▶ **Assignment**: Your task is to reproduce the listing exactly, without its images.

▶ **Available data**:
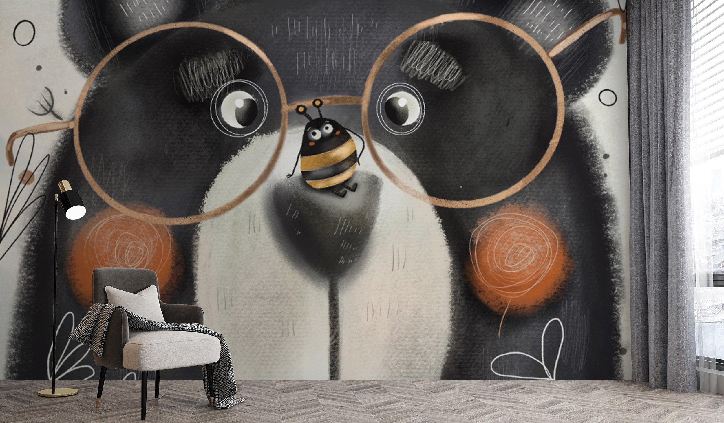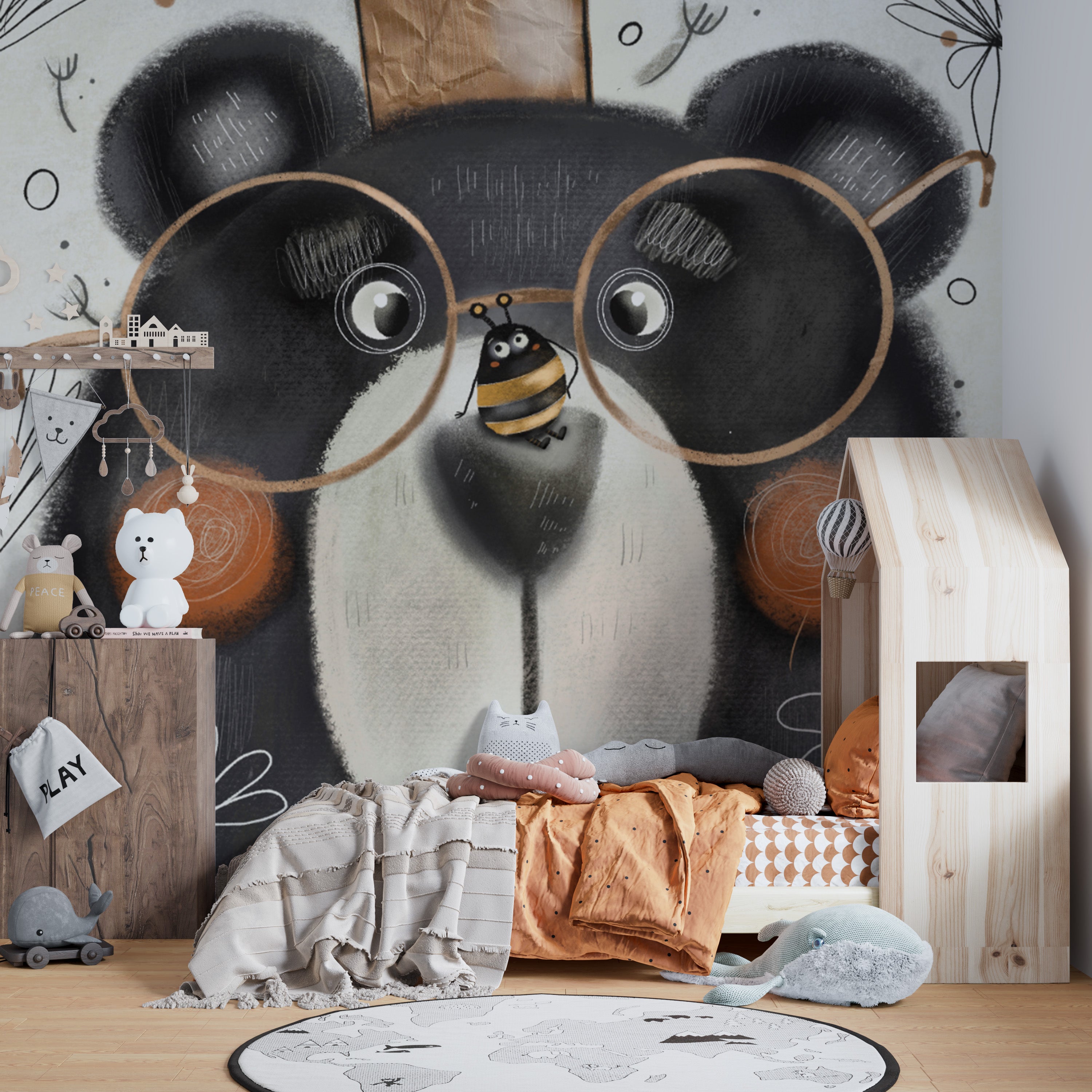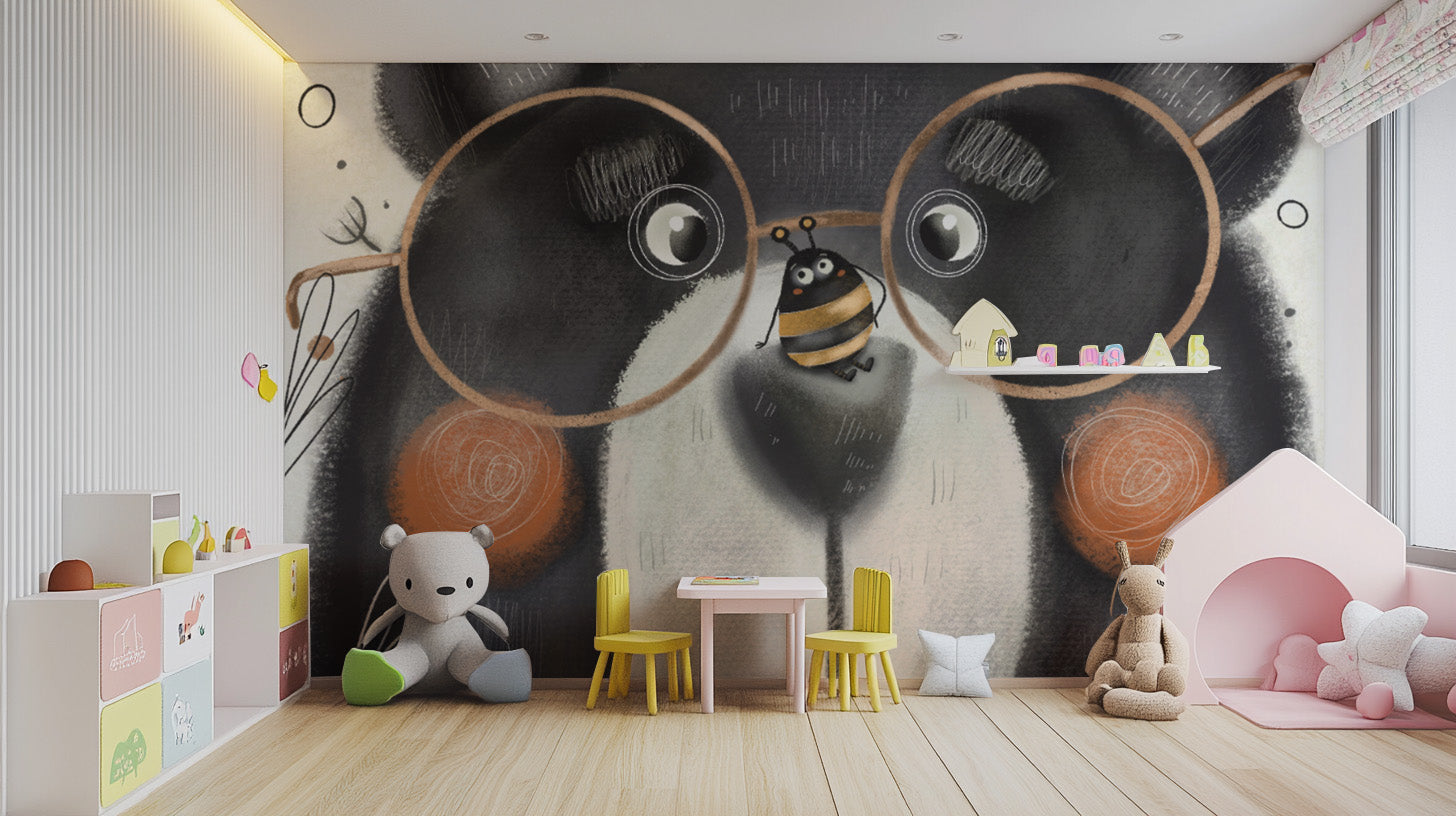 Creative Bear Face Wallpaper Mural brings a playful, funny ambiance to your house. It gives a bear with oversized glasses, a crown, and a playful bee on its nose in this wallpaper mural. Your room will have fun and become lighter by these murals since they can add a light-hearted atmosphere to the most glamorous spaces. You can use them for a little girl's bedroom decoration or a cheerful living room. Shop now and get this unique, cute mural sent free shipping to your door, adding a creative touch to your home!
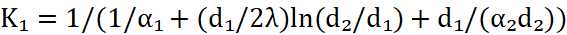 Where α₁, α₂ are heat transfer coefficients inside and outside the tube, W/(m²·K); d₁ and d₂ are internal and external diameters.
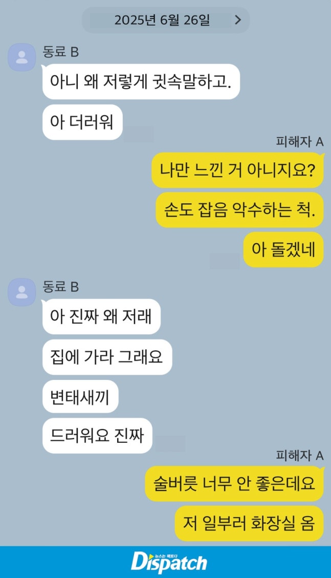 다음은, A씨와 회식 현장에 있던 동료 B씨의 실시간 대화다. 카톡이 오고 간 시각은 2025년 6월 26일 오후 8시 48분. 동료 B씨가 먼저 말을 걸었다.
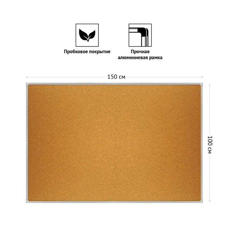 Доска пробковая Attache 100х150см, коричневая, алюминиевая рама

▶ **Response to the exercise**:
 Creative Bear Face Wallpaper Mural brings a playful, funny ambiance to your house. It gives a bear with oversized glasses, a crown, and a playful bee on its nose in this wallpaper mural. Your room will have fun and become lighter by these murals since they can add a light-hearted atmosphere to the most glamorous spaces. You can use them for a little girl's bedroom decoration or a cheerful living room. Shop now and get this unique, cute mural sent free shipping to your door, adding a creative touch to your home!
 Where α₁, α₂ are heat transfer coefficients inside and outside the tube, W/(m²·K); d₁ and d₂ are internal and external diameters.
 다음은, A씨와 회식 현장에 있던 동료 B씨의 실시간 대화다. 카톡이 오고 간 시각은 2025년 6월 26일 오후 8시 48분. 동료 B씨가 먼저 말을 걸었다.
 Доска пробковая Attache 100х150см, коричневая, алюминиевая рама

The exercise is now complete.